AKC also occurs more frequently in men (usually between the ages of 30 and 50 years) and is associated with atopic dermatitis or atopic eczema. Typically, patients with AKC have a family history of systemic diseases (such as eczema), allergies, asthma, urticaria, or hay fever (or some combination). Atopic blepharitis, meibomian gland dysfunction, and associated dry eye symptoms commonly coexist, and the conjunctiva may be hyperemic and edematous. The periocular skin involvement can be debilitating to some patients.

Eosinophils are characteristic of both VKC and AKC. After the initial release of mast cell mediators, other cells are recruited (specifically eosinophils), which are present within hours of exposure to an allergen. Lymphocytes are subsequently recruited and are believed to play a crucial role in the more-chronic disease states. Pathologic examination of the conjunctiva in these conditions will show an escalation of eosinophils being recruited. AKC patients may develop keratinized or cicatrized ocular surface similar to a pemphigoid presentation. Systemically, the true atopic individual will have extreme itching and eczematoid changes on the skin, may have developed hyperkeratosis, and is likely introducing allergens into the eye from the additional rubbing. The patient may also develop lid skin changes from using tissues to wipe the eyes for excessive tearing. The lid margin is more involved in AKC than in the other forms of allergic conjunctivitis.

GPC is caused by repeated mechanical irritation (such as occurs with contact lens [CL] use, limbal sutures, glue, scleral buckles, and prosthetic devices). It is not considered a true allergic reaction but can be aggravated substantially by allergens.

AKC and VKC can produce sight-threatening complications. The most characteristic sign of patients with tarsal VKC is giant cobblestone papillae, which are filled with eosinophils. These papillae can easily be seen by flipping the eyelids of these patients. Shield ulcers—an immunologic response to the eosinophils— can form on the conjunctiva in direct apposition to the cobblestone papillae and are generally difficult to treat, have difficulty healing, and often heal with corneal scarring and irregularities of corneal shape. In the worst cases, these ulcers can produce permanent visual loss. Limbal VKC differs not only in geographic location but in the gelatinous infiltrates that mark the limbus. People with darker pigmentation are more likely to have limbal VKC.

Patients with AKC not only have immediate allergy considerations but also have needs that should be considered when planning for future ophthalmic surgery. The chronicity of AKC can have significant implications for the health of the ocular surface, and therapy with corticosteroids increases the risk for glaucoma and cataracts. The CLEK (Collaborative Longitudinal Evaluation of Keratoconus) study did not find a strong association between keratoconus and AKC, but the increased eye rubbing has been suggested as a driving force for the progression of keratoconus.29

IgE levels alone may not be sufficient to determine the presence of allergy. Skin testing is more useful for demonstrating a particular sensitivity to a specific IgE.

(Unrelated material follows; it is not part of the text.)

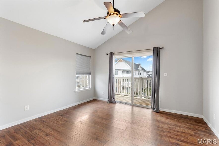 Conveniently located condo just seconds from 364 and Mid Rivers Mall Drive. Walking in you will notice the booming vaulted cielings.This home features 2 spacious bedrooms and 2 full baths. You will enjoy the upgraded flooring throughout. Kitchen is spacious breakfast bar and ample counterspace. Breakfast room/Dining area off kitchen. Primary suite offers spacious closet and double bowl vanity. Private Balcony/deck also has an extra storage space. Ample parking and an assigned covered carport as well. Reasonable HOA fee covers all sewer water trash snow removal and exterior maintenance.

A downside to using skin tests is that they assume the mast cells on the skin are identical to those in the nose or eye, which may not be accurate. A general correlation between the environmental allergens and response is usually more accurate. Direct conjunctival sac and nasal challenges are not clinically practical but do show much higher specificity and sensitivity.

Current and future treatment modalities

When both allergic rhinitis and allergic conjunctivitis are present, comanagement with allergists, pediatricians, and eye care professionals is usually recommended. Dermatologists may also be helpful in comanaging AKC.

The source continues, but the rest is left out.